In March 2021, a customer and a delivery agent from a popular food delivery company grabbed the attention of social media in India. The customer accused the delivery agent of assaulting her, and the driver was subsequently arrested and suspended (Express Web Desk 2021). However, a few days later, it emerged that the customer might have assaulted the agent first and she, in turn, had a complaint issued against her (ibid.). The founder of the company stepped in and said that the company wanted to get to the bottom of the case and offered both parties support. In describing the delivery agent, the founder said that the agent had made 5,000 deliveries so far and had a 4.75/5 rating on the platform after 26 months (ibid.). The founder went on to say these are “facts, not opinions, or inferences” (ibid.).
This incident was another example of how the use of ratings in platform work becomes a tool of evaluation, negotiation and marginalization. Ratings have a significant impact on the lives of workers, their capacities to build relationships with their customers and the company, and the terms of their employment. Yet these ratings are still regularly perceived as neutral, even while they have the potential, through their design, to institutionalize data violence on workers.

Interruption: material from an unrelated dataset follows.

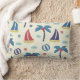 Summer themed throw pillow features palm trees, sail boats and beach balls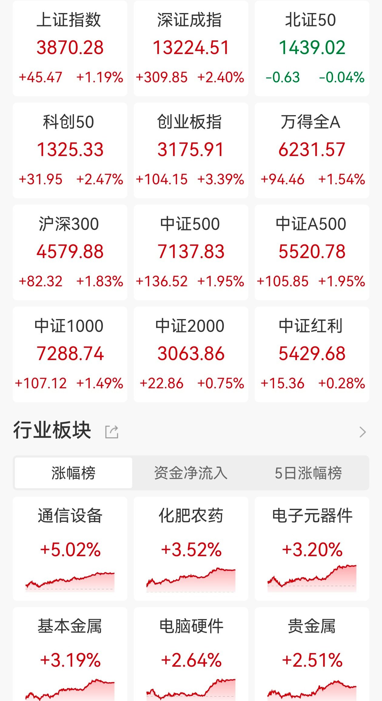 | 上证指数 | 深证成指 | 北证5( | | --- | --- | --- | | 3870.28 | 13224.51 | 1439.0 | | +45.47 +1.19% +309.85 +2.40% -0.63 -0 | | | | 科创20 | 创业板指 | 万得全/ | | 1325.33 | 3175.91 | 6231.5 | | +31.95 +2.47% +104.15 +3.39% +94.46 +1 | | | | 沪深300 | 中证500 | 中证A5( | | 4579.88 | 7137.83 | 5520.7 | | +82.32 +1.83% +136.52 +1.95% +105.85 +1 | | | | 中证1000 | 中证2000 | 中证红和 | | 7288.74 | 3063.86 | 5429.6 | | +107.12 +1.49% +22.86 +0.75% +15.36 +0 | | | | 涨幅榜 | 资金净流入 | 5日涨幅* | | --- | --- | --- | | 通信设备 | 化肥农药 | 电子元器 | | +5.02% | +3 ...

Indeed, one of the ways in which work and relationships are defined in the platform economy is through the use of ratings. These ratings (Gupta and Natarajan 2020) permit customers to evaluate delivery agents for their work and, therefore, are the basis upon which delivery agents get future business. Ratings also become a medium for monitoring and surveillance by companies.
As in the example above, these ratings are wrongly interpreted as facts, suggesting a sense of neutrality (Porter 2020). They are assumed to be uncontested and a means of getting a good idea of the performance of delivery agents and their capacities, trustworthiness and efficiency. These ratings also assume a social world (Espeland and Sauder 2007), as they become a key consideration for the relationship between company and delivery agent, and delivery agent and customer, as well as an important source of communication between the parties.
There is a distance (Merry 2016) that numbers provide from the complexity of opinion, circumstance and context. As a result, cases where the delivery agent, for example, needed to deal with an unpleasant customer are reduced in this rating to a mark. The rating system also does not fully capture the agency of the delivery agent. For instance, if delivery agents wish to challenge or counter the ratings they have received, do they have a space to do so? Do the ratings capture the precarious conditions under which an agent has to complete a task? Does being rated incentivize fewer breaks and more trips, and how far agents are compelled to be at the behest of the customer to ensure their ratings do not go down? Ratings have become a self-referential system that companies, agents and customers continue to adhere to because of the narrative power to influence different behaviours and functions (Espeland 2015).
Very often, having one bad review attracts more attention from the company than several good reviews on the platform.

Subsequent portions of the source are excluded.